We made a trip to the local supermarket and bought up several rations of dried black beans that still sit unopened in the upper recesses of our cupboards. The iconic cash-only steakhouse Peter Luger opened exclusively for delivery and takeout. Chaos reigned. People fled.
 

 

GEAUX AWF!

 

 
And now, we’re somehow at the first anniversary of the stay-at-home order.

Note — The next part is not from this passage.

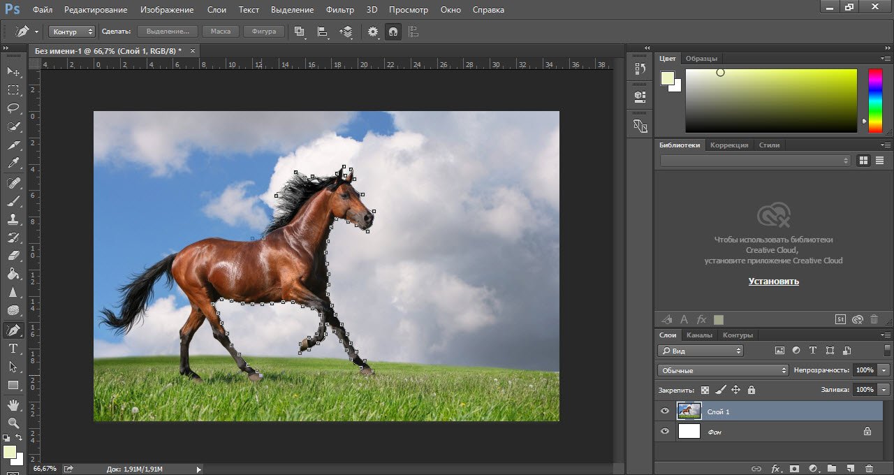 Испробуем рассматриваемый инструмент на практике, выделив с помощью него лошадь на этой картинке.
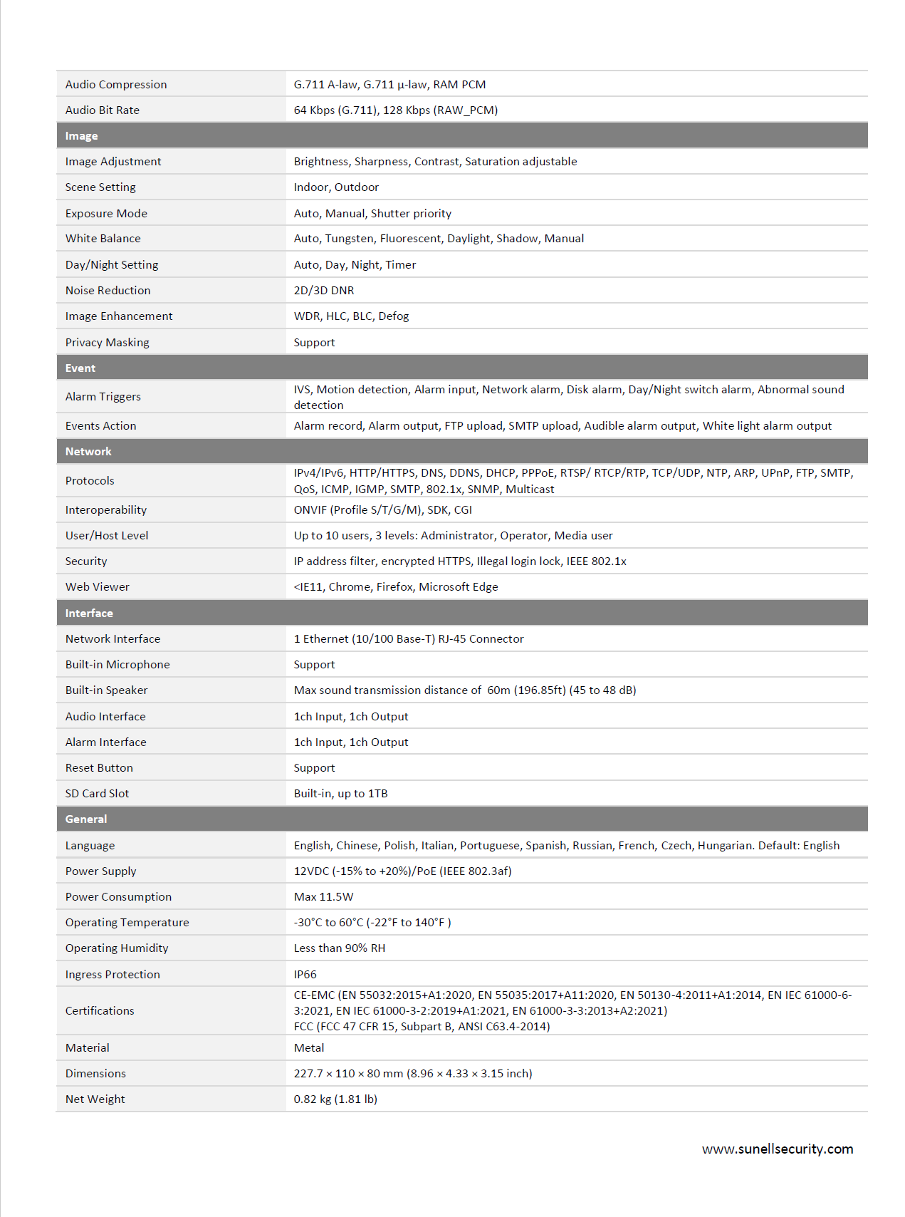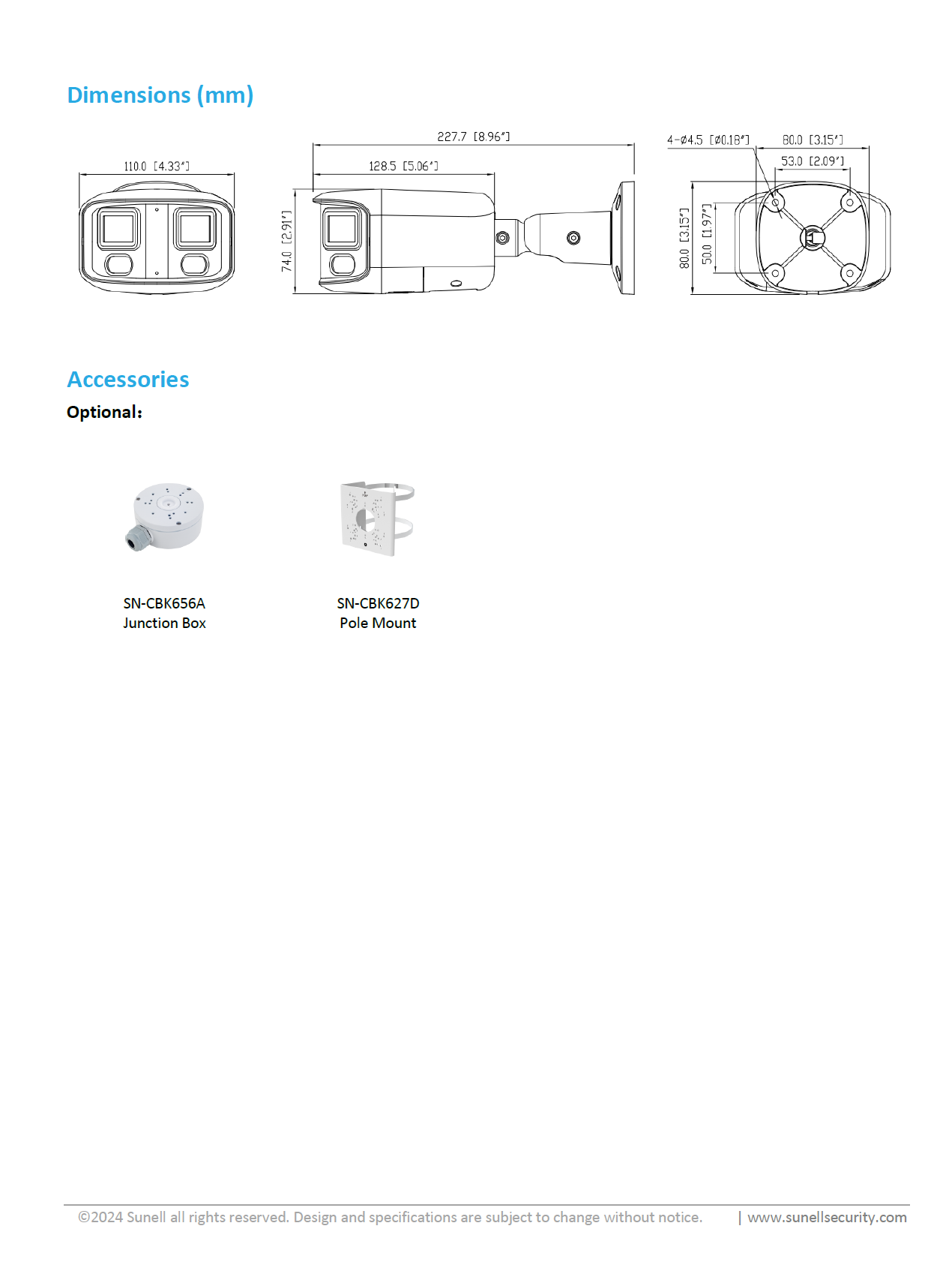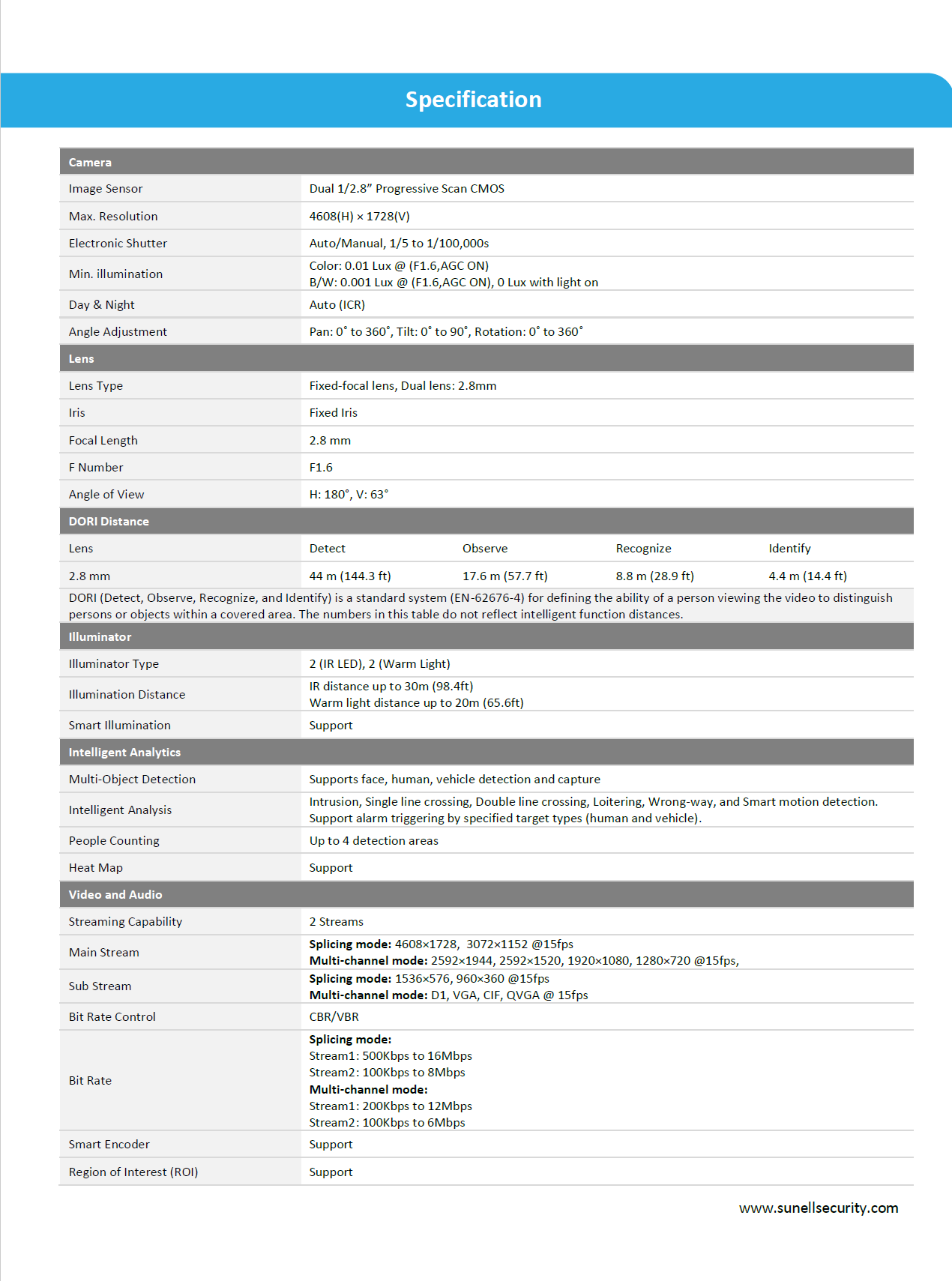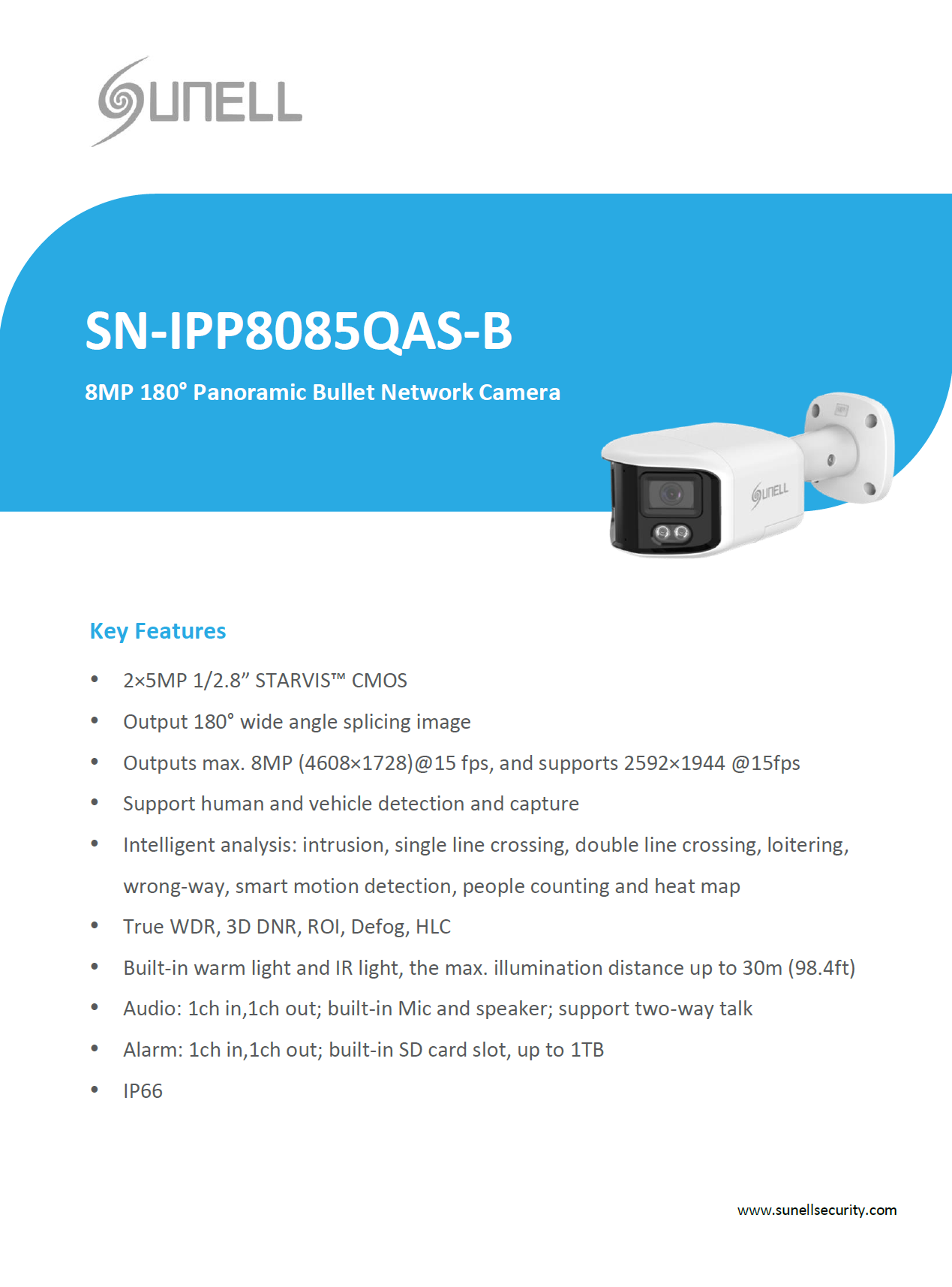 كاميرا Sunell 8MP Panoramic 180° شبكية رصاصية مع كشف الذكاء الاصطناعي وإضاءة مزدوجة ذكية

The pandemic has worsened beyond recognition, even as we’ve grown more accustomed to living with it. But with the vaccination rollout, a new presidential administration and a glimmer of light at the end of the tunnel, many of those defectors have started coming home. New York is slowly building back the 5 percent of its population it lost last spring, though the exact number of returning inhabitants is difficult to determine.

It’s strange to watch those same friends, acquaintances and colleagues who abandoned ship orbit back to the city. We see them returning to those same tiny Brooklyn apartments as if nobody noticed their calendar-length disappearance — as if we did not witness the taunting patio cookouts that filled their paper trail while we spent 365 consecutive days counting the dots in the ceiling. I believe I speak for all pandemic-weathered New York City residents when I say that we cannot let these transplants off so easy. This indiscretion shall not stand.